To test whether a model “knew” about vegetative electron
microscopy, we input snippets of the original papers to find out
if the model would complete them with the nonsense term or more
sensible alternatives.
The results were revealing. OpenAI’s GPT-3 consistently
completed phrases with “vegetative electron microscopy”. Earlier
models such as GPT-2 and BERT did not. This pattern helped us
isolate when and where the contamination occurred.
We also found the error persists in later models including
GPT-4o and Anthropic’s Claude 3.5. This suggests the nonsense
term may now be permanently embedded in AI knowledge bases.

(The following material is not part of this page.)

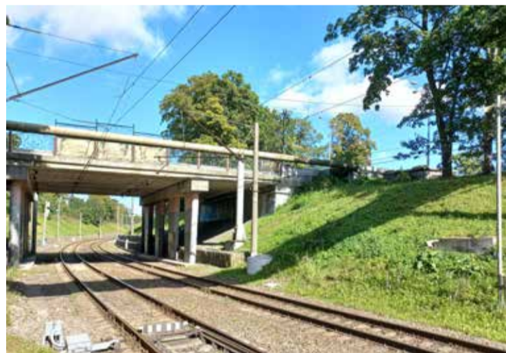
Мост на ул. Генерал-фельдмаршала Румянцева. Вдоль железнодорожных путей (слева) шла улица Erlichshausenstraße.

В отличие от своего предшественника, Конрада фон Эрлихсхауэна, кстати, он приходился Людвигу двоюродным братом, этот магистр уже не шёл ни на какие уступки прусским муниципалитетам. Чем вызывал их досаду и негодование. В итоге случилось то, что случилось. Практически все правители прусских городов ополчились на политику ордена и стали просить защиты у польско-

By comparing what we know about the training datasets of
different models, we identified the CommonCrawl dataset of
scraped internet pages as the most likely vector where AI models
first learned this term.
The scale problem
Finding errors of this sort is not easy. Fixing them may be
almost impossible.
One reason is scale. The CommonCrawl dataset, for example, is
millions of gigabytes in size. For most researchers outside
large tech companies, the computing resources required to work
at this scale are inaccessible.
Another reason is a lack of transparency in commercial AI
models. OpenAI and many other developers refuse to provide
precise details about the training data for their models.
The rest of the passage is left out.